MLOps hopes to build automation and improve the nature of ML production while likewise concentrating on business and regulatory necessities.
It is estimated that the fourth industrial revolution is largely driven by the AI/ML capabilities of organisations. According to experts, if you neglect creating data transformation and a model-driven organization, then you are destined to fail. The change in machine learning is bringing greater than that any past disruption has achieved, and there are three central mainstays of AI adoption: data, innovation, and organisational culture and processes.
For the ideal adoption of ML across millions of organisations, there requires a standardisation of the machine learning workflows so there is no obstruction to implementation. But, this is not the case currently, as the complex processes involved in ML models makes it very challenging to deploy them. Also, there are a plethora of tools and frameworks to make it more complex. Then, there are many challenges that companies can face when it comes to using ML in the enterprise space such as the ones related to diagnostics, governance, scalability, data compliance, etc.
DevOps vs MLOps: Transforming ML Pipelines With DevOps Practices
To overcome such challenges, experts say MLOps is on the fast rise to bring efficient collaboration and communication between data scientists and ops teams. MLOps hopes to build automation and improve the nature of ML production while likewise concentrating on business and regulatory necessities. Like the DevOps or DataOps approaches, MLOps also focuses on the entire lifecycle – from continuous integration/continuous delivery and orchestration to diagnostics and governance.
Many of the existing MLOps work on CI/CD pipeline utilizing a managed machine learning service and cloud-based development services. Unlike using DevOps for app development, MLOps is very different as it is extremely iterative and involves so many languages, libraries, toolkits, and environments for different types of ML models.
As part of MLOps, there could be multiple pipelines running in parallel with ML-specific interdependencies that require agile management to ensure a smooth integration. And, then there is specialized hardware involved too, utilizing powerful CPUs and GPUs using frameworks like TensorFlow, Caffe, Apache MXNet, etc.
The other thing that makes MLOps different from classic DevOps is the toolchain. MLOps would require not just using things open source repository, automation software, orchestration, and containerisation, but also things that cater to compliance, risk and business goals.
MLOps Offerings In 2019 That Signal The Burgeoning Trend
As part of MLOps, the integration of ML code, datasets and models into operational procedures becomes incredibly important for organisations. Many vendors have been introducing solutions which cater to the specific integration and develop ML pipelines and workflows.
Let’s look at a few vendors and their announcements in 2019 which highlights the burgeoning MLOps market.

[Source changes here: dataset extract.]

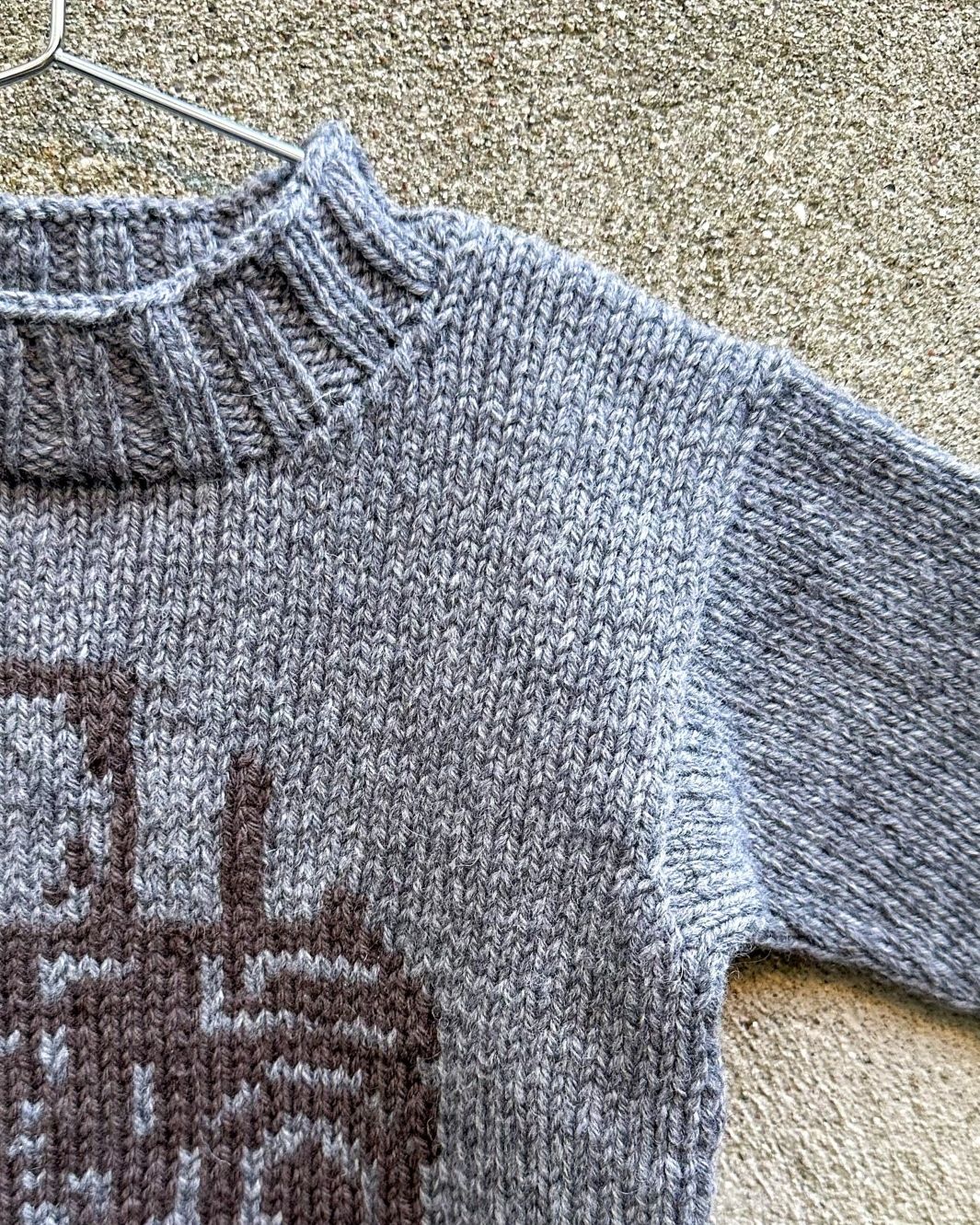 Genseren på bildet er strikket i Heavy Merino - Regnvejrsdag (bunnfarge) og

Cloudera has recently announced an initiative around the operations of the machine learning (ML) workflow. Here, the company is extending the Apache Atlas platform to accommodate the governance of machine learning assets with BlueData’s EPIC software platform.

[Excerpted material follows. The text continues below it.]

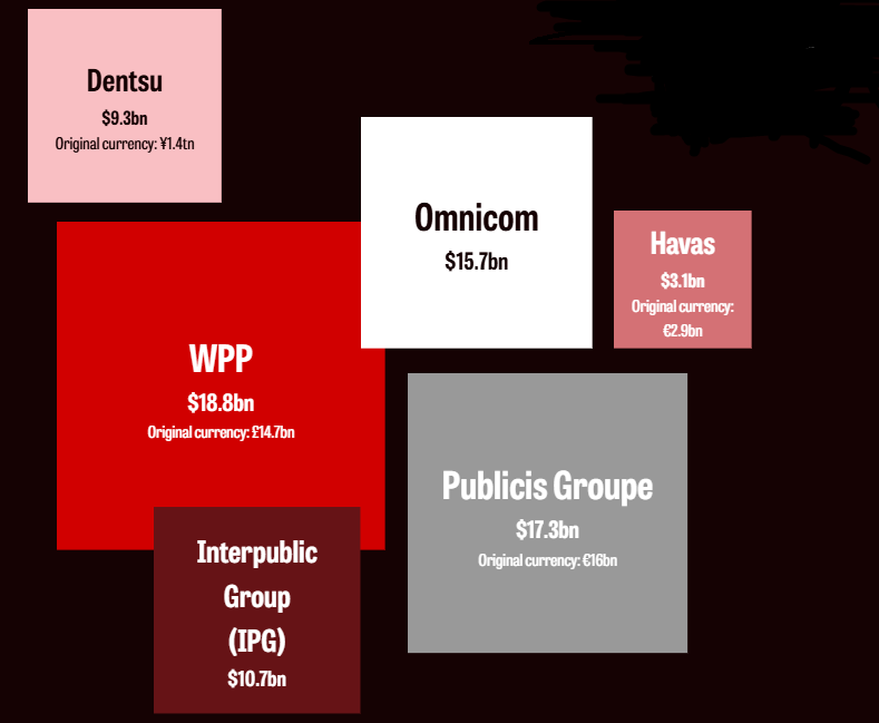 По данным Campaign, общая выручка «большой шестерки» в 2024 году выглядит так:

In September 2019, HPE (Hewlett Packard Enterprise) has also announced its foray into the expanding MLOps market with an array of software and tools for managing models. Those tools combine container-based software for AI development and management acquired in a deal, last year for BlueData.The MLOps service is meant to extend the capabilities of which allows enterprises to create Hadoop and Spark clusters in virtual environments.
In June 2019, DataRobot acquired ParallelM after its $206 million mega funding and indicates the rising prominence of MLOps. ParallelM- MLOps tools can be used to scale deployment, management and governance of machine learning (ML) pipelines in production.
Experts also say there is a trend where we can see the rise of model-as-a-service on cloud marketplaces where companies will be offering multiple ML models based on license base subscription and are charged on the basis of consumption. This way companies won’t have to build ML models from absolute scratch.
Open source will also be playing an important role. We can see the increasing use of frameworks like MLflow for MLOps, which is an open-source project is being led by Databricks and built into the Databricks Unified Analytics Platform, which is available on Amazon Web Services and in the Azure Databricks service.
While MLOps also began as a set of best practices, it is slowly evolving into an independent approach to ML lifecycle management. Applying DevOps practices to machine learning workloads not only brings models to the market faster but also maintains the quality and integrity of those models. To overcome the prototype phase, smooth, automated and dependable operations have to exist. Thus, we may see much higher adoption in 2020 for MLOps — machine learning operations practices to standardize and make the lifecycle of machine learning in production more efficient.